■ Your assignment ■
Copying task for the records below: reproduce each one exactly and drop the pictures.

■ Recorded data ■
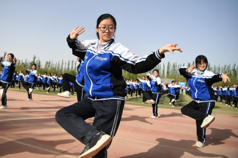 敦煌中學(xué)的學(xué)生在操場(chǎng)上做敦煌舞課間操(4月26日攝)。新華社記者 陳斌 攝
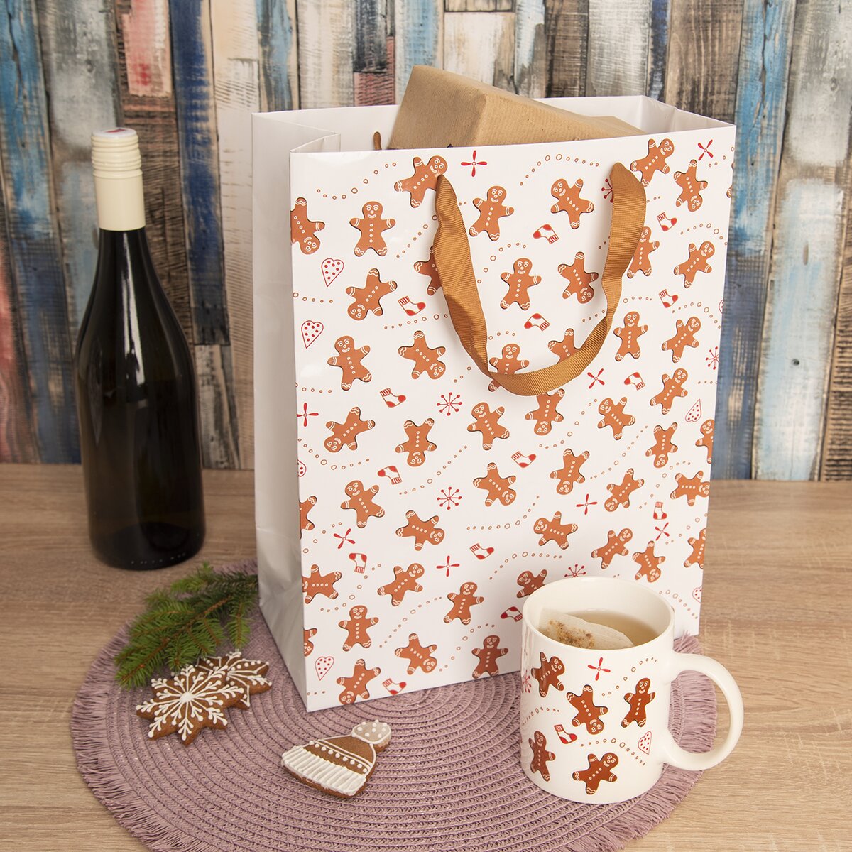 "Měkký dárek", láhev vína, kosmetické přípravky nebo balení nepravidelného tvaru nemusíte složitě balit do papíru. Stačí vše hezky uložit do větší papírové tašky s motivem perníčků.
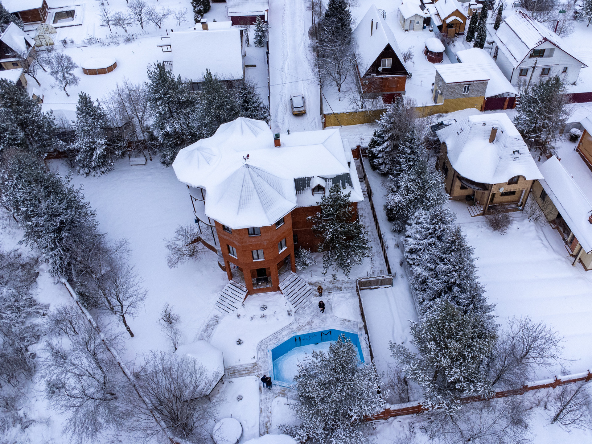 На терретории участка расположен бассеин глубиной 2.38 м., толщина стен 45 см., залит бетоном.
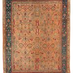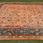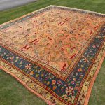 Decorative oversize antique Ushak carpet from Western Anatolia with glorious soft peach tones, blue greens, and golden yellow border. One of the largest rug production areas since the Ottoman Empire, Ushak designs tend to be more open than Persian rugs and softer dyes are not uncommon. Often younger Ushak’s or Oushak’s will be rich red in colour and use bolder geometric designs in the 20th century.
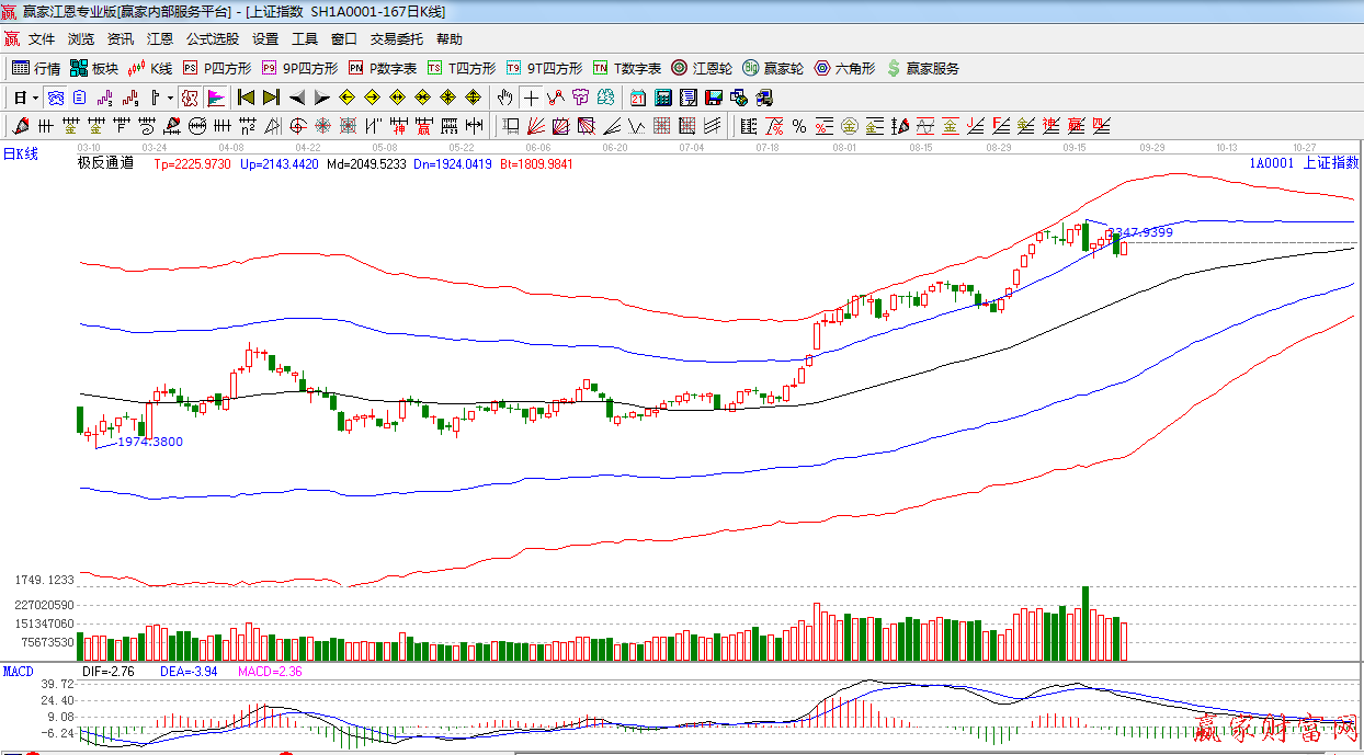 ★依据赢家江恩系统极反通道提示:缩量反抽极反通道蓝色外轨线 ,阻力2318点,明日继续关注此位置,短线看空,中线看多。
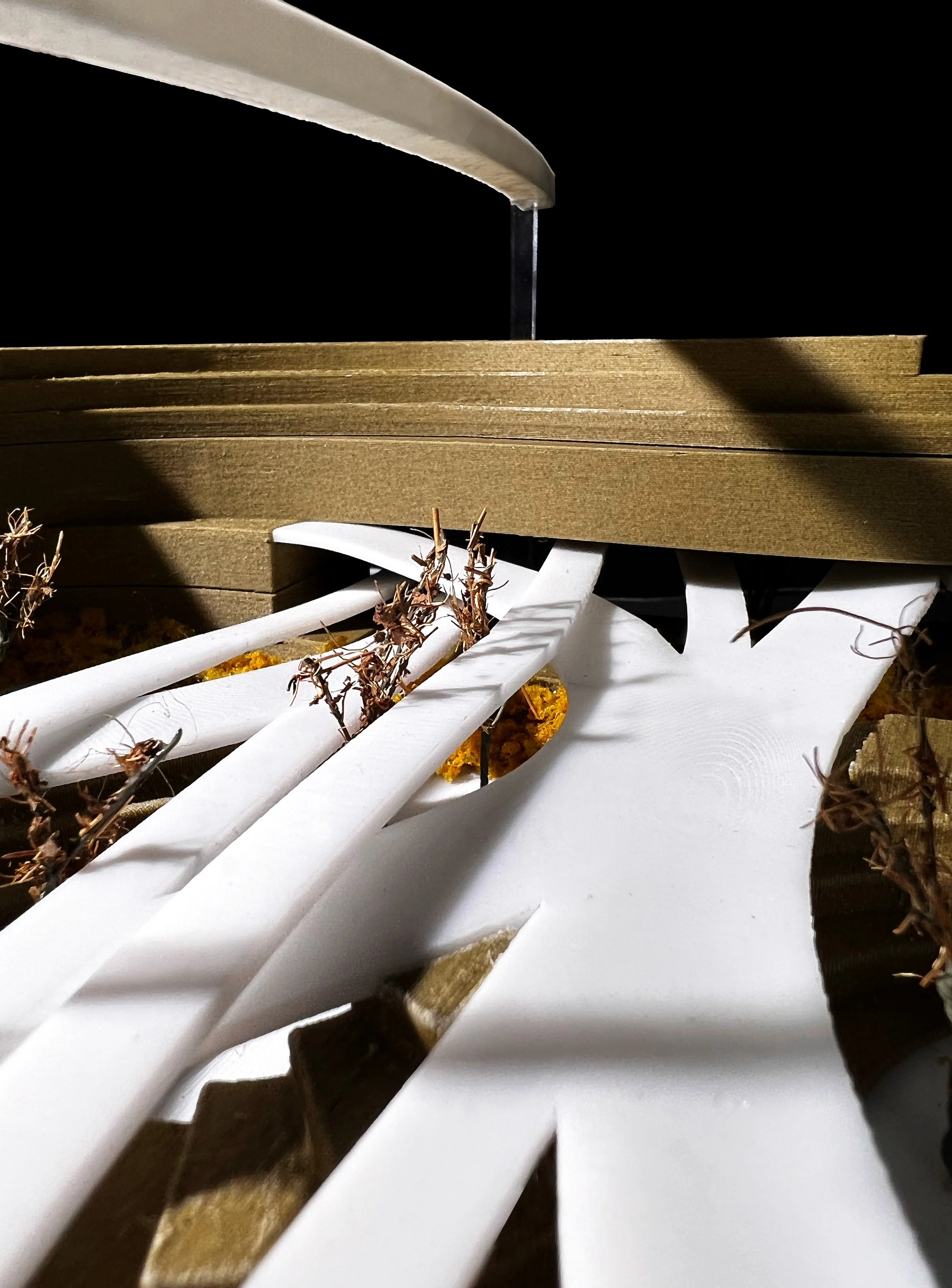 This interactive architectural model showcases the application of my design system in response to population growth. The ribbon-like building sections are designed for effortless replication and stacking, allowing adaptation to various existing or intervening conditions. Users have the flexibility to physically stack each level in their preferred arrangement, leading to diverse design possibilities tailored to meet the needs of the occupants utilizing this space.
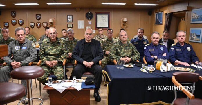 Την άσκηση «ΚΑΤΑΙΓΙΣ 24» –που διεξάγεται στην ευρύτερη περιοχή του Ανατολικού και του Νοτίου Αιγαίου– παρακολούθησε χθες το βράδυ ο υπουργός Εθνικής Αμυνας, Νίκος Δένδιας, επιβαίνων της φρεγάτας «ΣΠΕΤΣΑΙ», στην οποία μετέβη συνοδευόμενος από τον αρχηγό ΓΕΕΘΑ στρατηγό, Δημήτριο Χούπη.
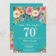 Teal Floral Surprise 70 de Aniversário Convite para Mulheres. Flor Floral de Aquarela. Teal Aqua Turquoise. Rosa, Amarelo, Laranja, Flor Roxo. Aniversário Adulto. 13 15 16º 18º 20 21rua 30 40º 50º 60º 80 de 70 100º, qualquer idade. Para mais personalização, clique no botão "Personalizar" e use nossa ferramenta de design para modificar este modelo.
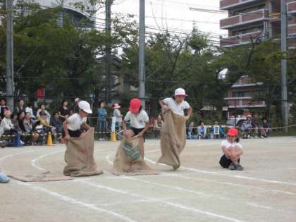 麻袋に入ってピョンピョン飛ぶ姿がおもしろかったです。
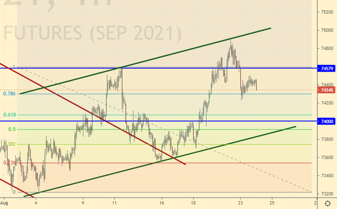 Покупка: нет. Кто в позиции от 74200, держите стоп на 73900. Цель: 75000.
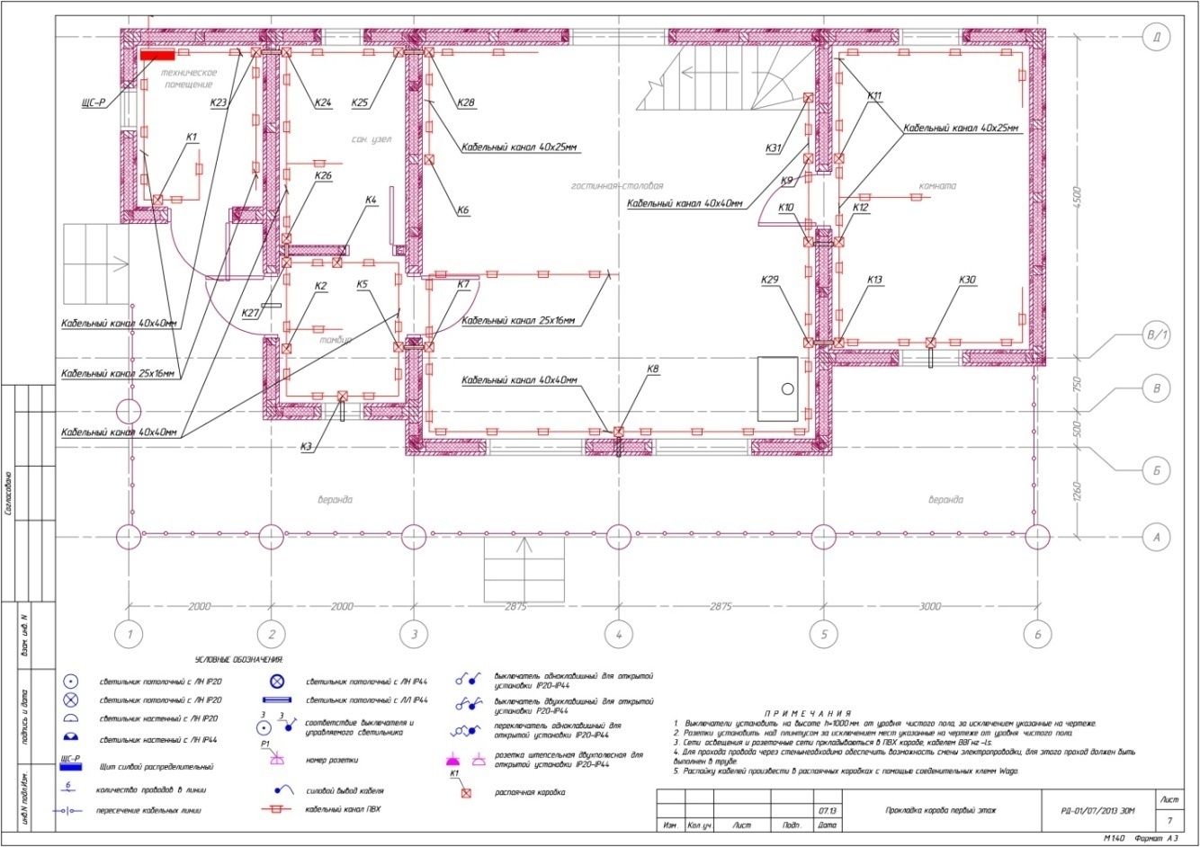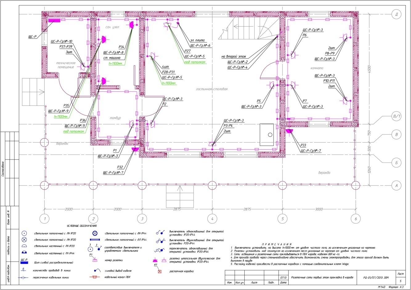 Pour la clarté de tous les calculs effectués, nous portons à votre attention un schéma de principe du câblage électrique dans la maison spécifiée.

■ Expected answer ■
 敦煌中學(xué)的學(xué)生在操場(chǎng)上做敦煌舞課間操(4月26日攝)。新華社記者 陳斌 攝
 "Měkký dárek", láhev vína, kosmetické přípravky nebo balení nepravidelného tvaru nemusíte složitě balit do papíru. Stačí vše hezky uložit do větší papírové tašky s motivem perníčků.
 На терретории участка расположен бассеин глубиной 2.38 м., толщина стен 45 см., залит бетоном.
 Decorative oversize antique Ushak carpet from Western Anatolia with glorious soft peach tones, blue greens, and golden yellow border. One of the largest rug production areas since the Ottoman Empire, Ushak designs tend to be more open than Persian rugs and softer dyes are not uncommon. Often younger Ushak’s or Oushak’s will be rich red in colour and use bolder geometric designs in the 20th century.
 ★依据赢家江恩系统极反通道提示:缩量反抽极反通道蓝色外轨线 ,阻力2318点,明日继续关注此位置,短线看空,中线看多。
 This interactive architectural model showcases the application of my design system in response to population growth. The ribbon-like building sections are designed for effortless replication and stacking, allowing adaptation to various existing or intervening conditions. Users have the flexibility to physically stack each level in their preferred arrangement, leading to diverse design possibilities tailored to meet the needs of the occupants utilizing this space.
 Την άσκηση «ΚΑΤΑΙΓΙΣ 24» –που διεξάγεται στην ευρύτερη περιοχή του Ανατολικού και του Νοτίου Αιγαίου– παρακολούθησε χθες το βράδυ ο υπουργός Εθνικής Αμυνας, Νίκος Δένδιας, επιβαίνων της φρεγάτας «ΣΠΕΤΣΑΙ», στην οποία μετέβη συνοδευόμενος από τον αρχηγό ΓΕΕΘΑ στρατηγό, Δημήτριο Χούπη.
 Teal Floral Surprise 70 de Aniversário Convite para Mulheres. Flor Floral de Aquarela. Teal Aqua Turquoise. Rosa, Amarelo, Laranja, Flor Roxo. Aniversário Adulto. 13 15 16º 18º 20 21rua 30 40º 50º 60º 80 de 70 100º, qualquer idade. Para mais personalização, clique no botão "Personalizar" e use nossa ferramenta de design para modificar este modelo.
 麻袋に入ってピョンピョン飛ぶ姿がおもしろかったです。
 Покупка: нет. Кто в позиции от 74200, держите стоп на 73900. Цель: 75000.
 Pour la clarté de tous les calculs effectués, nous portons à votre attention un schéma de principe du câblage électrique dans la maison spécifiée.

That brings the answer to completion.